Luis Fraticelli said that an FBI investigation pointed to the possibility of bombings on the Caribbean island, which is a U.S. commonwealth.
FBI agents, some wearing gas masks and toting assault rifles, searched homes and businesses in San Juan, Trujillo Alto, San German, Mayagüez, Aguadilla and Isabela.
There were no reports of arrests.
The superintendent of Puerto Rico’s police, Pedro Toledo, and the commonwealth’s secretary of justice, Roberto Sanchez Ramos, both told reporters that they had no knowledge of the operation.

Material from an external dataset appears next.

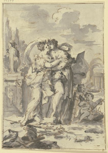 Giovanni Domenico Tiepolo made this pen and wash drawing of Hercules and Antaeus. The image depicts a scene from classical mythology, where Hercules defeats Antaeus by lifting him off the ground, thus depriving him of his strength. Made in Venice, this drawing speaks to the enduring appeal of classical themes in 18th-century European art. But it goes further than that, reflecting the period’s fascination with the male nude and the heroic. Tiepolo presents us with a dynamic composition full of tension and drama. The exaggerated musculature, the contorted poses, and the contrast between light and shadow heighten the emotional intensity of the scene. Understanding this work requires looking into the visual culture of 18th-century Venice. It also necessitates considering the role of the Academy in shaping artistic taste and the impact of patronage on artistic production. By consulting historical sources such as period treatises, biographies, and exhibition catalogs, we can gain a deeper appreciation. In doing so we reflect on the social and institutional contexts that shaped its creation and reception.
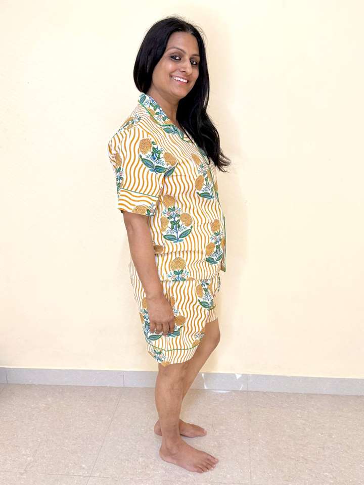 ชุดนอนผ้าฝ้ายแท้2ชิ้นสำหรับผู้หญิงชุดใส่นอนชุดอยู่บ้านแบบติดกระดุมใหม่2025

Fraticelli provided no details about what, if anything, his agents removed from the premises searched, but he did refer to a clash outside one location that involved FBI personnel using pepper spray against journalists.
He said that his agents were only trying “to protect the news media, the public and officials of the law who were serving a legal search warrant.”
Both the Puerto Rican journalists association and the island’s governor, Anibal Acevedo Vila, condemned the FBI’s actions in that incident.
As the FBI searches unfolded, pro-independence activists mounted a protest outside the U.S. federal court in San Juan.
Targeted in Friday’s operation were people associated with the Boricua Popular Army, better known as Los Macheteros (Cane-cutters), which is seeking independence for the Caribbean island.
The searches came a little more than four months after the Sept. 23 death of the group’s 72-year-old founder, Filiberto Ojeda Rios, in a confrontation with FBI agents at a farmhouse in the western Puerto Rican town of Hormigueros.
The FBI wanted Ojeda Rios in connection with the 1983 robbery of more than $7 million in cash from a Wells Fargo armored truck in Hartford, Connecticut. The robbery was classified by prosecutors as an act of domestic terrorism because the money was used to fund activities by the Macheteros.
Ojeda Rios was convicted in absentia for the heist, in which no one was killed, and sentenced to 55 years in prison. He had been on the run since 1990.
Though few in Puerto Rico support the cause of independence from the United States, many on the island were upset over the circumstances of Ojeda Rios’s death.